Sunday, February 22, 2009

"I told you so" is easy to say but hard to hear...

That's my opinion anyway. Earlier this week I has having a conversation with my brother updating him on my once again isolated status in regards to our father's side of the family. Three years ago when I "found" my cousin and got myself invited to a family reunion I chastised my brothers for not giving our flesh and blood a chance. A second chance really cause they kinf of blew things the first time around. Deciding that I wanted my children to meet the people that I spend most of my young life with I blindly forgave them for all the heart ache and pushed forward. Alone of course because my brother refuse to let go of the hurt and anger and they stood firm in not wanting anything to do with this side of our family.

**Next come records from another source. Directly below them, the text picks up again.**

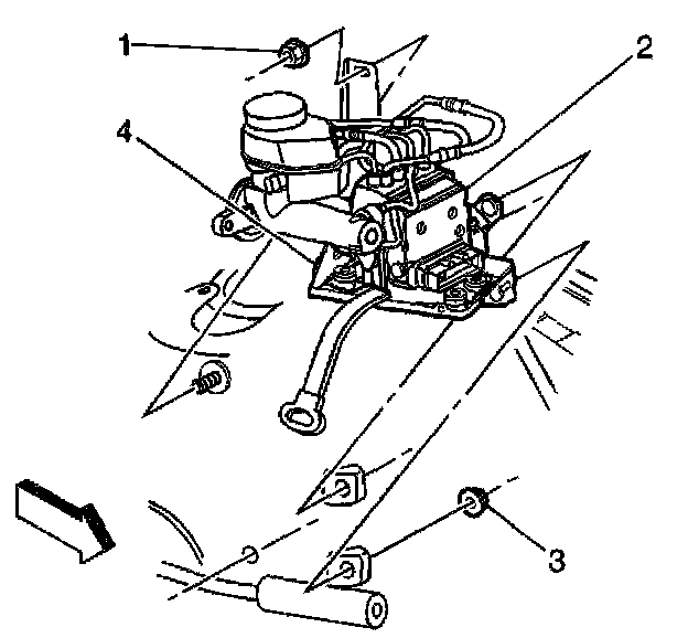 14. Remove the BPMV mounting bracket (4) and EBCM assembly (2) from the vehicle.
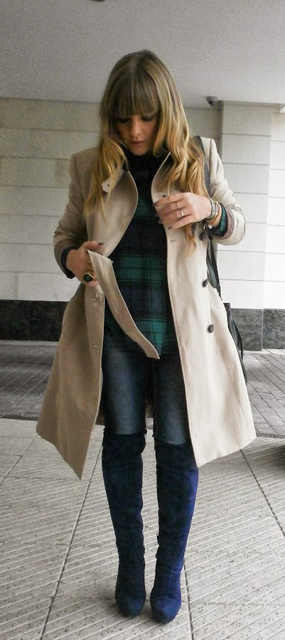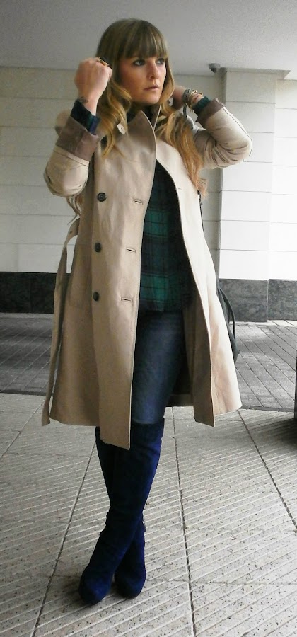 El resto muy sencillo, denim, botas altas y un trench clásico, imprescindible para estos días de lluvia.
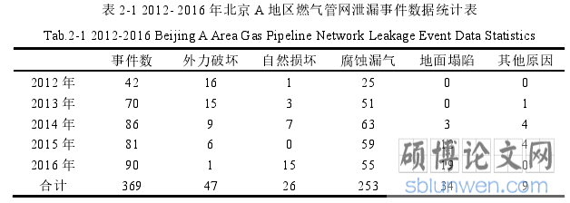 北京 A 地区燃气公司运行所辖区内现有中、低压燃气管线 1585 公里,根据该运行所燃气管网泄漏事件数据统计,2012 年至 2016 年期间,发生管道漏气事件 369 起,因第三方外力破坏造成的管道泄漏事件 47 起,占比 12.7%;由于腐蚀造成的管道泄漏 253起,占比 68.6%;地面塌陷造成的管道泄漏 34 起,占比 9.2%;自然损坏及其他原因造成的管道泄漏 35 起,占比 9.5%,统计结果如表 2-1 所示。由此可见,第三方外力破坏和管道的腐蚀破损是管道泄漏事件多发的主要原因。
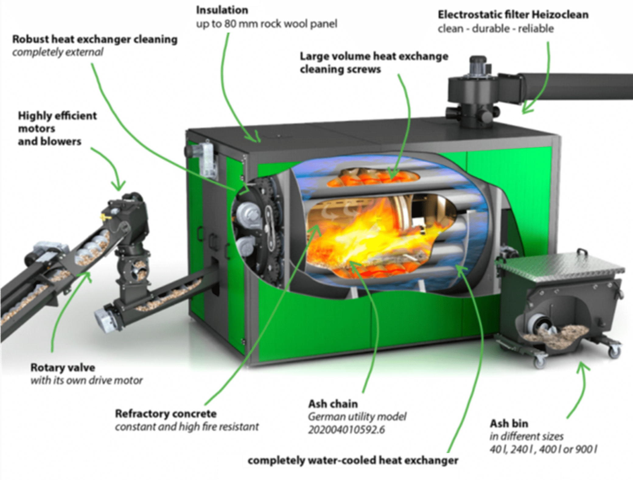 – Multi-Fuel: wood chips, sawdust, shavings, miscanthus, … .

Being the know it all big sister and counselor I knew I was doing the right thing and opened myself back up to a group of people that most certainly were going to hurt me again. It's what they do best. Here I am three years later telling him about an email war that I started based on some ignorant emails circulating during the time before the presidential election. I told him about my aunt and how ridiculous her response was not to mention how it had nothing to do with what I had written. I continued to tell him about my two other aunts who have since ignored me because of their Catholic beleifes and narrow view on the election. It seems in this time of crisis the only thing that was worth thinking about was abortion. Must be nice to not have any other cares in the world. Because I would not comform, because I stood my ground I am once again cut off.

His response "I told you so." I am usually the one uttering those words so this was a bit more difficult to take. Having had a chance to process things I relaized how foolish I was to pursue these "roots." This was the family that made fun of me, caused me many tears, compared me to other cousins that I had nothing in common with. I have always been different and I know this but somehow not being a part of one's family is just not easy to accept. I am learning though because I know this is for the best. I am different for many reasons and all of them make me better for it. I keep this in mind as I move forward.

In the mean time perhaps I will be more careful with my quick response to say I told you so.